- How to complete this task
From the listing that follows, reproduce only the lines from the one holding "Kortermet genser i" through the one holding "Personenbezogene Daten auf", both included, with no pictures.

- Data for the task
[Start of section]

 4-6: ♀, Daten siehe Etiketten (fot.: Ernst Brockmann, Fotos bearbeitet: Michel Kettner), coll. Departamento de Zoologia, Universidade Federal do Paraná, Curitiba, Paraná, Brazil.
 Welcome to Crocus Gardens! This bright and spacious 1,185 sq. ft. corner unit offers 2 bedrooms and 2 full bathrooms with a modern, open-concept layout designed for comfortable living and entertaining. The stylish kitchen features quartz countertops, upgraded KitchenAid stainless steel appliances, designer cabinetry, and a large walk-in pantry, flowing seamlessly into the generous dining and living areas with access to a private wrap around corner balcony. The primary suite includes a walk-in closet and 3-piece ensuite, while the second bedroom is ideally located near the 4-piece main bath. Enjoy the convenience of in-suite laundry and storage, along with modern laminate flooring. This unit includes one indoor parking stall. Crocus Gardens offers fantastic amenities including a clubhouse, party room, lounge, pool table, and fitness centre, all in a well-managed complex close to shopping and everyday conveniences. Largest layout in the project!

[End of section]
[Start of section]

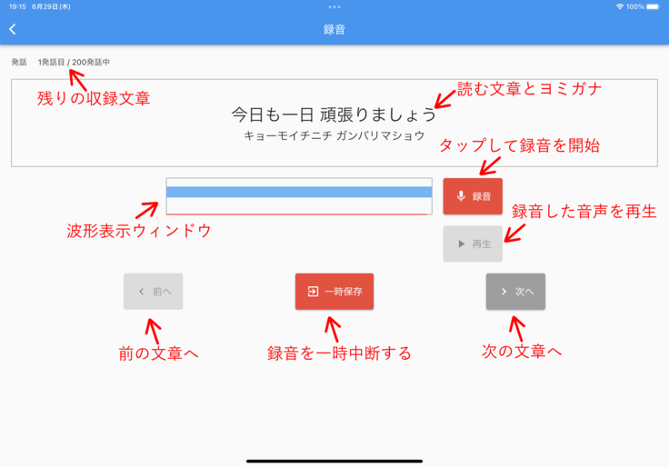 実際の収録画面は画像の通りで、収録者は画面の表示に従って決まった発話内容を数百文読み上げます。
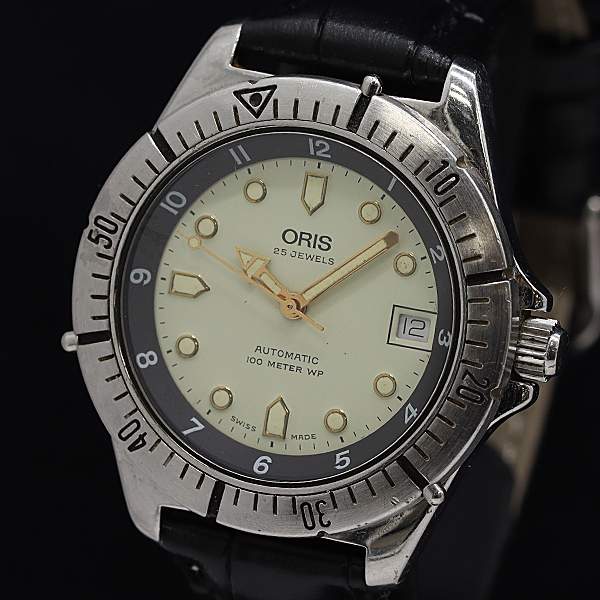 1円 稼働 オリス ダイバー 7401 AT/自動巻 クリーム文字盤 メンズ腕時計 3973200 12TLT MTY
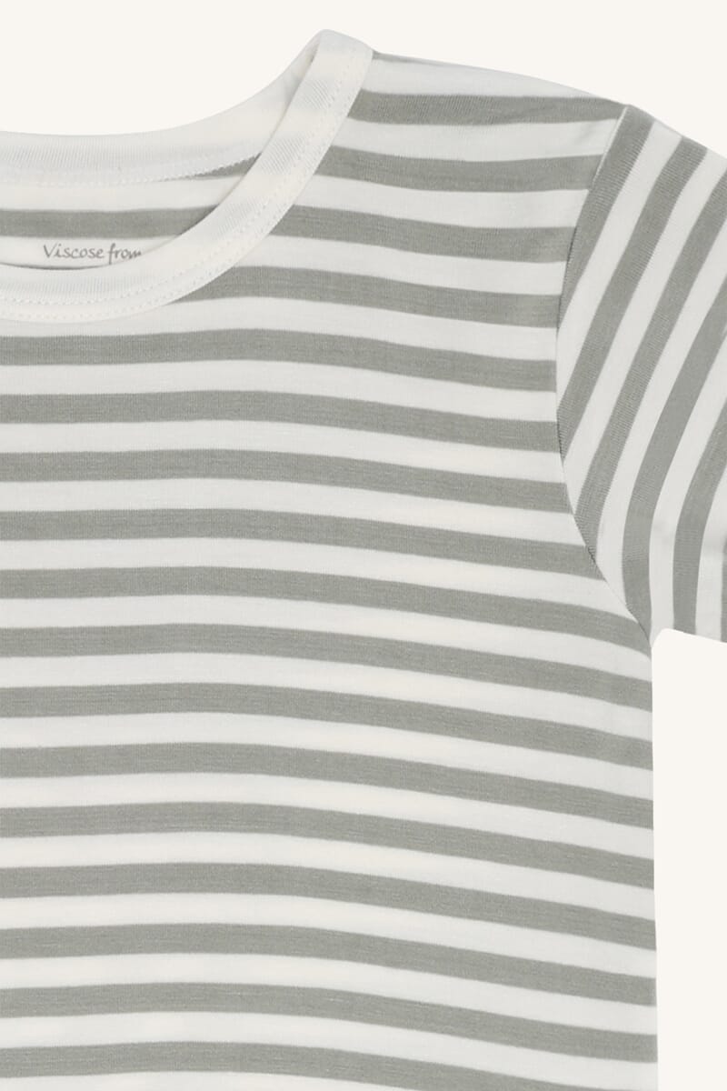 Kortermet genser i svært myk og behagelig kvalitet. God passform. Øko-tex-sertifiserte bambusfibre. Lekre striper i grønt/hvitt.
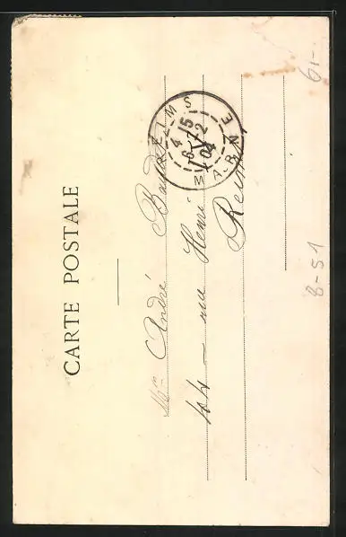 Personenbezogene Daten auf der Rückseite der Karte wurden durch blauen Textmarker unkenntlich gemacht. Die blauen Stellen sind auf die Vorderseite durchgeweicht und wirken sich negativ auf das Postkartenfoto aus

[End of section]

- Reply
 Kortermet genser i svært myk og behagelig kvalitet. God passform. Øko-tex-sertifiserte bambusfibre. Lekre striper i grønt/hvitt.
 Personenbezogene Daten auf der Rückseite der Karte wurden durch blauen Textmarker unkenntlich gemacht. Die blauen Stellen sind auf die Vorderseite durchgeweicht und wirken sich negativ auf das Postkartenfoto aus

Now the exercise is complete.